How Big is Your God? (1 of 52)
Life has a way of making God small in our eyes. We go through painful times, or get busy and focused on the details of life, or we become overly-impressed with ourselves and think we are in fact the center of the universe. There are many things that can make God seem small, and at the same can often seem to make our problems big. Genesis 1 helps us to lift up our eyes, see the enormity of God, and trust him in the difficult times of life.
(Note: I am blogging my way through our class, The 52 Stories of the Bible, hence the "1 out of 52)

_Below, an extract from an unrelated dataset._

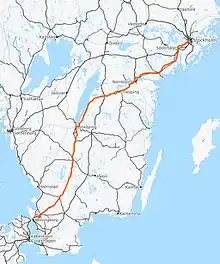 Riksväg 1's stretching between Helsingborg and Stockholm.

Life has a way of making God small in our eyes. We go through painful times, or get busy and focused on the details of life, or we become overly-impressed with ourselves and think we are in fact the center of the universe. There are many things that can make God seem small, and at the same can often seem to make us big.
This is not new; it started in the Garden. Adam and Eve were no longer satisfied with their position in life. They wanted their eyes to be opened and “be like God, knowing both good and evil” (Genesis 3:5). God became small because their sin made them think they were big.
If there were any passage in the Bible that asserts the “bigness” of God, it’s the story of creation in Genesis 1. So often we get caught up in the controversies surrounding this chapter that we don’t see the bigger picture. Whatever else we believe about creation, Genesis 1 is there to teach us about the vastness and power of God, and our role in his creation.
Genesis 1 begins by asserting that God is the sole creator of everything. He stands above creation, separate from creation, sovereign over all creation. And then, in the first three days, he takes what is uninhabitable and makes it habitable.
In Day 1, he merely speaks and separates light from dark. That is the ultimate creative power. His words form matter and time and space. In fact, he is so powerful that he creates light without a sun. In other religions, the sun god was generally the most powerful. But God doesn’t need the sun or the stars to create light; he merely says the word. Note also that God’s creation is orderly and purposeful and good. Compared to the ancient creation myths, this must have been a breath of fresh air.
In Day 2, he creates the sky, separating the clouds from the seas. In Day 3, he separates the seas from the dry land. And at the end of each day, God pronounces it “good.”
You have to pause at this point, stand back, and ask yourself if the God that you serve is the God of Genesis 1? Is this how you see God? Or have the issues of your life shrunk him down?
Now it’s time to inhabit the now inhabitable earth. In Day 4, God puts the sun and the moon and the stars in the sky. I love how some of the Bible versions punctuate v 17b. The NIV simply writes, “He also made the stars.” So many people throughout the millennia have thought that the stars ruled their destiny. But for Christians, we know that it was as simple almost as an afterthought -- “He made the stars.”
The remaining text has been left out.